España va bien. No se alarmen. No ha vuelto Aznar -Dios no lo permita- pero España va mejor. Las grandes cifras macroeconómicas mejoran. El paro está por debajo del 19 por ciento, cifras que no veíamos desde hace casi diez años, al comienzo de esa gran crisis que Zapatero negó tres veces, hasta que cantó el gallo europeo y le obligaron a tomar medidas de austeridad. Las exportaciones siguen una buena marcha, la venta de coches también, el mercado inmobiliario empieza a respirar después del hundimiento, se reanima el consumo de las familias y basta darse una vuelta por las calles de cualquier ciudad española o por las carreteras cualquier fin de semana, para ver que hay otra alegría.
El problema es que sigue habiendo demasiados millones de parados que, aunque esto vaya bien, tardarán al menos ocho o diez años en tener una posibilidad real de empleo. Algunos, no todos, porque el propio mercado está expulsando simultáneamente a los jóvenes, sin oportunidades reales, a los parados de larga duración y a los mayores de 55 años. No hay políticas activas de empleo que se preocupen de estos colectivos que representan un importante porcentaje de la población y que, un año detrás de otro, ven cómo disminuyen sus posibilidades de encontrar un empleo. Ese es el gran problema, el crecimiento de la desigualdad. El 1 por ciento de los más acaudalados de España acumula el 20 por ciento de la riqueza, tres puntos más que antes de la crisis. Mientras la renta media de los hogares cayó un 18 por ciento -más de 5.000 euros- durante la peor crisis de los últimos setenta años, el 10 por ciento de los más ricos vieron cómo su patrimonio no sólo no sufría durante esos años, sino que se incrementaba un 15 por ciento.
Lo que ha crecido en estos años es la desigualdad que, en parte es hija de la precariedad del trabajo y de la imposibilidad de los jóvenes por construir una vida medianamente digna. Ellos han perdido mucho más en estos últimos ocho o diez años, pero sobre todo han perdido la esperanza, el futuro. Sin los padres o abuelos, la gran mayoría de los jóvenes españoles y aquellos que se han atrevido a formar una familia habrían entrado en la pobreza. El descenso de sus ingresos y de sus expectativas ha sido brutal.
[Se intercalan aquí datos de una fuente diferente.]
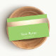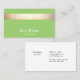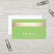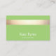 Elegant business card design featuring horizontal gold FAUX foil stripe on green background. This is NOT real gold foil - but an image. There is no shine or texture.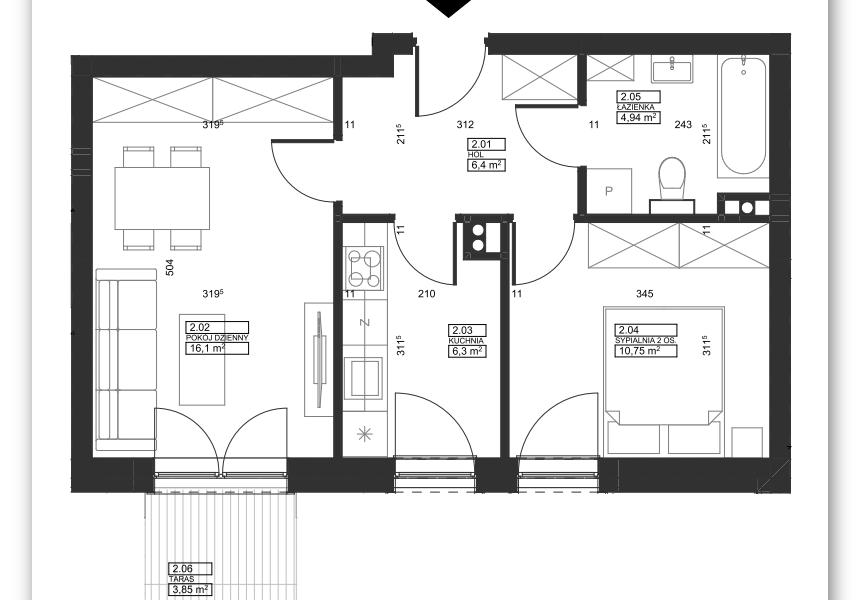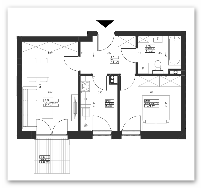 Mieszkanie składa się z jasnego pokoju dziennego, z którego prowadzi wyjście na taras o wschodniej ekspozycji, sypialni, oddzielnej kuchni, łazienki oraz przedpokoju z miejscem na pojemną szafę.

En ese caldo de cultivo real, los populismos -de derechas, marxistas o socialistas, da lo mismo- encuentran naturalmente, un espacio perfecto donde desarrollarse. Y si los Gobiernos no actúan con rigor, prontitud y medidas urgentes, lo que se puede poner en peligro es el propio sistema. Acaba de decir Emilio Lledó que "vivimos en una sociedad de consumo en la que el consumidor ha sido devorado. Vivimos en exceso de las cosas inútiles". Y, simultáneamente, tratamos de ignorar, de tapar esa desigualdad creciente, insultante, que en algunos casos es extrema. O los Gobiernos atienden ese problema o la sociedad se partirá aún más. Si no fuera por la lucha fratricida por el poder y nada más que por el poder, que, en estos momentos vive la izquierda, desatendiendo principios y proyectos, la rebelión social podría volver a estallar. Hay que reducir urgentemente la desigualdad.